Engineering Fitness

What is Bitgatt and why do we need it?

At Fitbit we utilize Bluetooth Low Energy, commonly known as BLE, for particularly heavy data transfers which are more complex than the common handful of use-cases for this extremely efficient radio technology.  One of the perks of the job, in my opinion, is to try to deliver amazing experiences between wearables and cloud-connected mobile devices through the heavy use of the various BLE technologies and specifications. Unfortunately one of the side-effects of this is that we find ourselves living in edge cases that Android OEMs, and sometimes even Google, didn’t anticipate when designing their APIs and implementing their bluetooth drivers.  We presently make limited or no use of standard bluetooth GATT profiles for low energy because there aren’t any that are sufficient for the variety of functionality we desire from our wearables. Because of this we have designed our own protocols to perform the operations that are required for our devices to help you reach your health and fitness goals and to provide a robust app ecosystem.

The Android BLE API, at present, roughly mirrors the Broadcom developer API used for their chipsets abstracted by means of an open source Linux library called “bluedroid” with significant modifications, all contributed back by Google naturally, then bridged using JNI for Java.  There are a number of adjustments to ensure some level of security and isolation between applications, but aside from that it represents a fairly raw API giving developers an amazing amount of power, but at the same time limiting access in ways that are often frustrating. In some ways this is the worst of both worlds, you have the power to shoot yourself in the foot constantly, but not enough power to actually resolve the issues that your use of the API as documented will create.
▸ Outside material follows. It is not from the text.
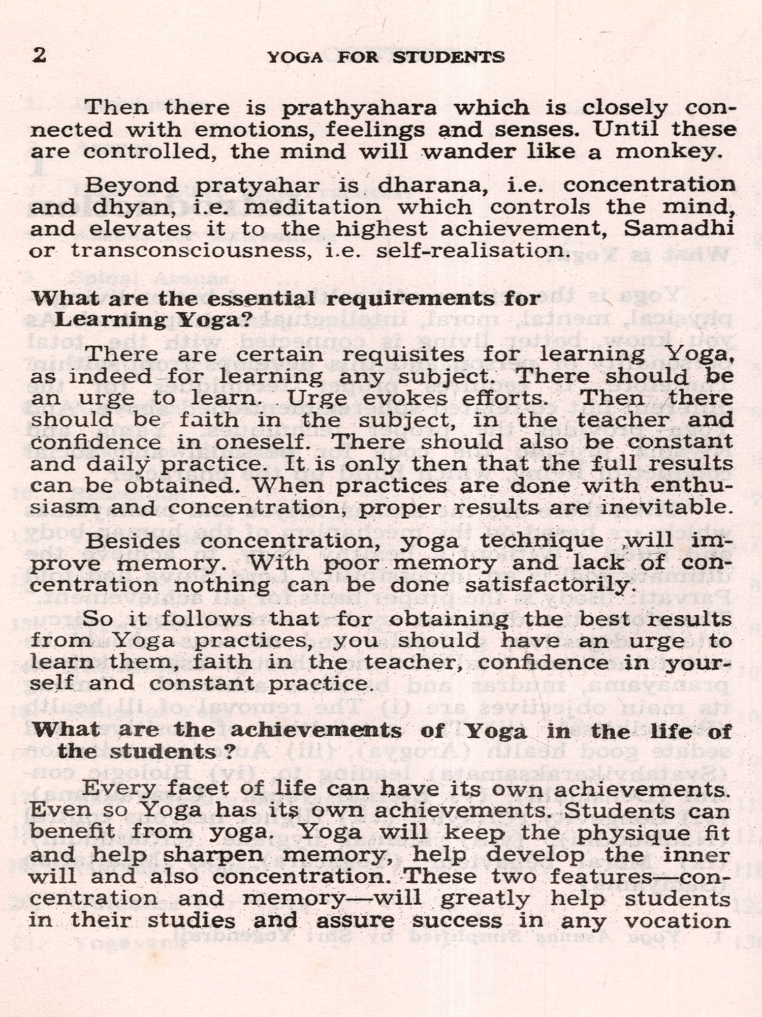 Under the guidance of Gurudev Shri Yogendraji, Mother Sita Devi and Dr. Jayadev, Principal of the Yoga Teacher Training Institute, Santa Cruz, All India Board of Yoga has been formulated. The Board has prepared and recommended the simple syllabus of Yoga for students and householders. The purpose of this syllabus is to impart the correct and ideal knowledge of integral system of total yoga for the development of integrated personality. The does not make the people become a yogi but behave like a yogi and initiate themselves into having real qualities of yoga students.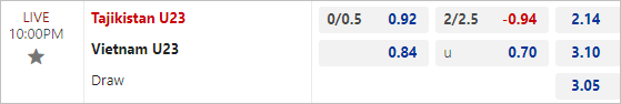 Tỷ lệ kèo U23 Việt Nam vs U23 Tajikistan

Bluetooth as you can see below is an incredibly complex layer-cake of protocols and requirements which are very easy to miss, skip, or hack for OEMs who are under time pressure to deliver these complex radio devices.
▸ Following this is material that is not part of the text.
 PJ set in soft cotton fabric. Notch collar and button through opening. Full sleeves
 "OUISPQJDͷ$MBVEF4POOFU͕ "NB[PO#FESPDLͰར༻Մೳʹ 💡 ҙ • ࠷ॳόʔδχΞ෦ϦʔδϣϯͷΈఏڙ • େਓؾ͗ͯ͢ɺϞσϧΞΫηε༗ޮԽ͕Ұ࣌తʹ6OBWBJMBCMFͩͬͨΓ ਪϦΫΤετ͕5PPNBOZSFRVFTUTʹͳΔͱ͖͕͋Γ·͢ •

So you can see why this is hard…

We have refactored our Bluetooth implementations several times in the past at different levels over the years as we gained more knowledge of what was actually transpiring down in the Android OS stack and even below in the OEM’s BSP stack.  What we found was that there is quite a wide variance of behaviors between Android OS versions, phone models, Bluetooth chipset vendors, and even cellular carriers. For example, on some models of Android handset the antenna design is such that when Wi-Fi and Bluetooth are both active there is a non-trivial bit of compromise on the performance of Bluetooth as regards throughput.  This creates issues for us as we transfer megabytes of data over this channel at times. The user may be using many different BLE and Bluetooth devices using any one of the available protocols at any time. The Android API does not give feedback to the developer regarding the users’ use of Bluetooth on the phone, so it is up to their code to infer what is happening in the environment and react.  This is just one of the complexities of being a mobile Bluetooth developer.
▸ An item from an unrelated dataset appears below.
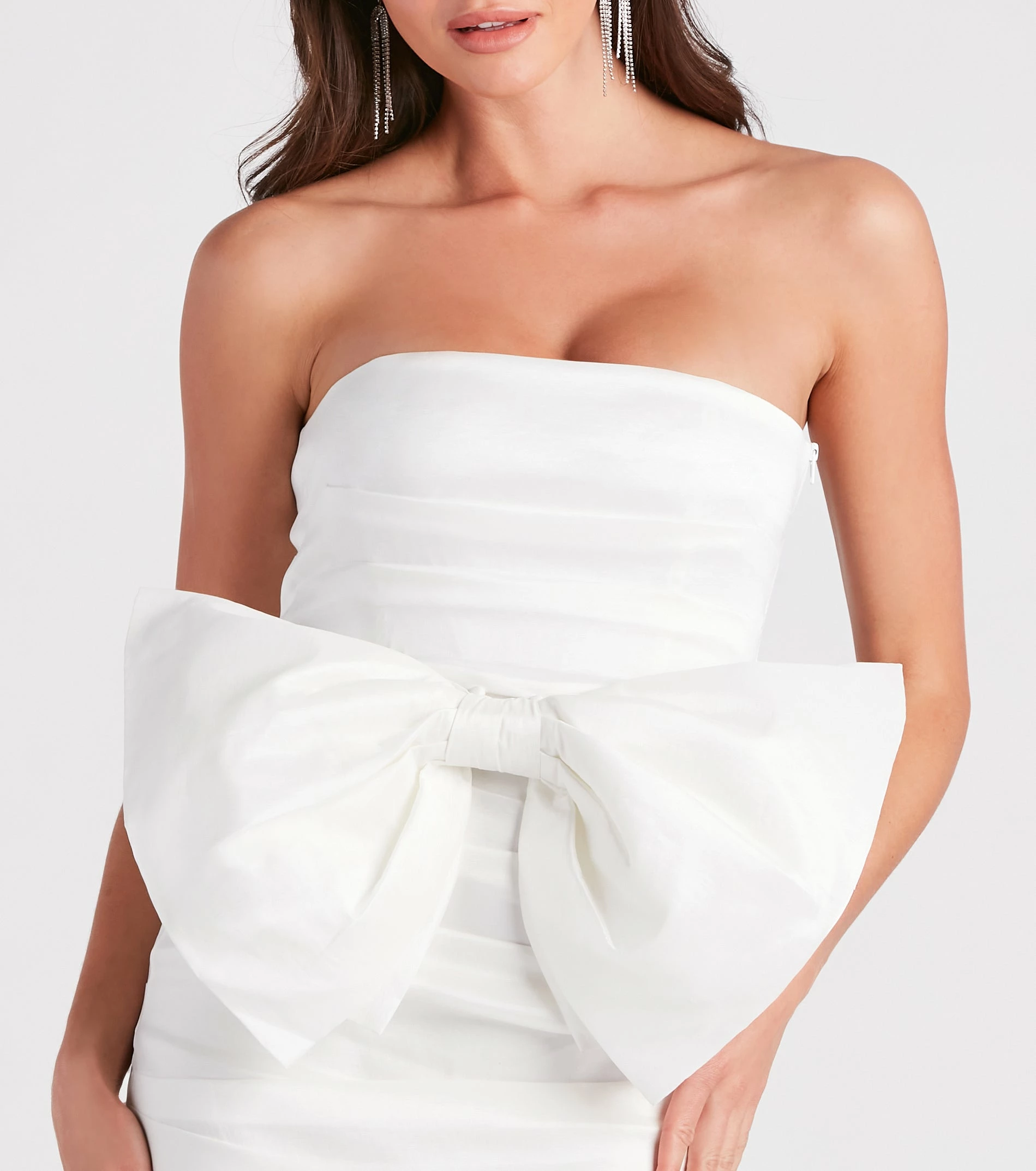 Strut like a true fashion-trendsetter in the Cecilia taffeta party dress that keeps all eyes on you! Sleek and simple from the back but stunning in the front, she’s perfect for brides, graduates, and formal cocktail parties. She features a strapless square neckline with non-slip grip lining, a detachable statement bow on the front, and all-over pleating and ruching along her bodycon silhouette with a flirty mini-length hem. The party dress is composed of a taffeta woven fabric with a sewn-in knit lining and minimal stretch. Complete your dressy look in

Bluetooth all the things! Image by 200 Degrees from Pixabay

Several years ago, when we didn’t fully understand how these various inconsistencies could conspire to create odd bugs, it would take us months sometimes to troubleshoot bugs after reading thousands of lines of logs and doing that across dozens of handsets.  We would try to reproduce a bug encountered on a lower-end device on our developer spec flagship Android handset and fail to reproduce it. These issues led us to simplify our code, reducing threading, caching and other complexities in an effort to make troubleshooting easier.  This helped, but we still had odd issues that we couldn’t explain reviewing our code alone. At this point, as the mobile team, we had enough knowledge of BLE as a spec, our tracker firmware, and the various chipsets’ drivers to start to triangulate the issue. More often than not, it would result in a complex interaction bug where the chipset driver implementation either fails to comply with the BLE specification, or creates an adverse interaction between the particular version of Android and that chipset implementation, leading to paralysis of the BLE API. When this occurs it is resolvable only by restarting bluetooth (it is still amazing that you can do this without user interaction) or by asking the user to clear their bluetooth share (dropping the GATT databases).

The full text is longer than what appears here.